1. Giant Airborne Leeches invade fashion show. Film at 11.
2. Al Qaeda's use of dalmatians for suicide bombers led to a mild rebuke from PETA.
3. Side effects of excessive masturbation include hairy palms and spotted vision.
4. Andrew Sullivan's cataracts prevent him from receiving the full effect of 'The Boyfriend's' sexy lingerie.
5. After years of laboring in obscurity, Cruella De Vil is finally embraced by the fashion crowd.
6. Fort Worth's play to become a new center of high fashion was ruined when the backwash from Tommy Hilfiger's helicopter flung cow-chips all over the place.
7. In Tennessee gay bars, it's traditional to spit tobacco at bad drag queens.
9. Through the rain of black confetti, Kobe entirely failed to notice that Dennis Rodman was open.
10. Publicity Still From Zoolander 2: Walk on the Wild Side.
Best of Submariner
See what happens when you fight the Estee Lauder counter gals when they want to give you a free makeover?
Other than radical Muslim males, the rage in Paris this year is to combine gold lamé, black velvet and a personal wasp swarm.
Jeannette waltzed in amidst a swarm of flies, yet resplendent in her pilfered gold, mahogany leg, and two eye-patches. Henri realized she was indeed, the smelliest pirate hooker of them all!
Best of Cybrludite
Daryl Hannah hits the sci-fi convention circuit to cash in on a re-release of "Bladerunner".

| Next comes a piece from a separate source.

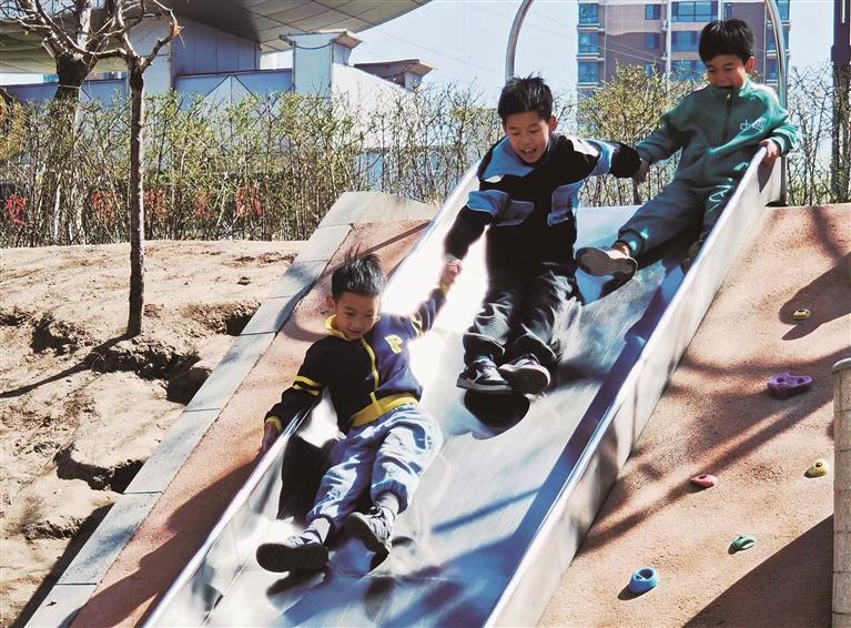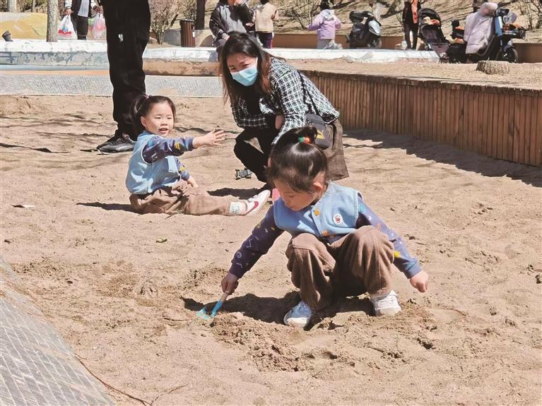 ② 武烈河畔的沙池内,小朋友在挖沙子。
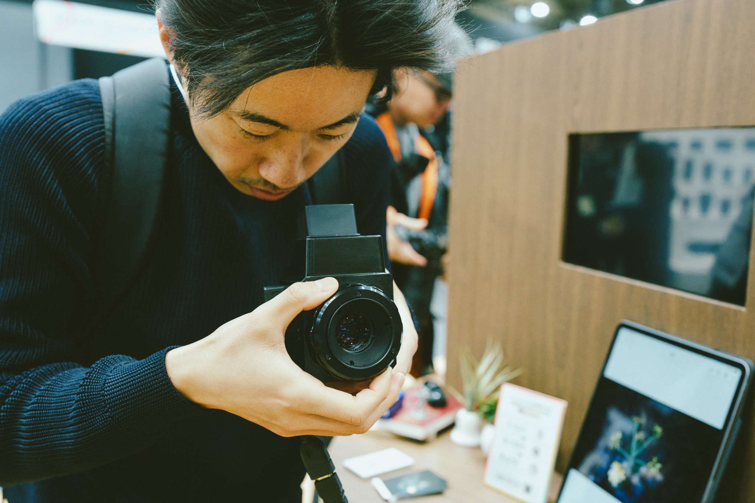 一方で印象的だったのが、Canon(キヤノン)のウエストレベルファインダーを備えたコンセプトモデル。上から覗き込むスタイルは、往年の中判フィルムカメラを思わせる構造でした。

It's just a jump to the left....
Best of T. Harris
Cindy was a true professional. Not even an infestation of locusts could derail her steely determination to model ridiculous clothes, wear stupid-ass hair-dos, and have fake sunglasses painted on her face.
Inspired by The Paperboy
Terrence McNally's newest play is based on Chris Ofili's portrait of an Elephant-dung-splattered Virgin Mary. McNally insists he didn't intend to offend Christians.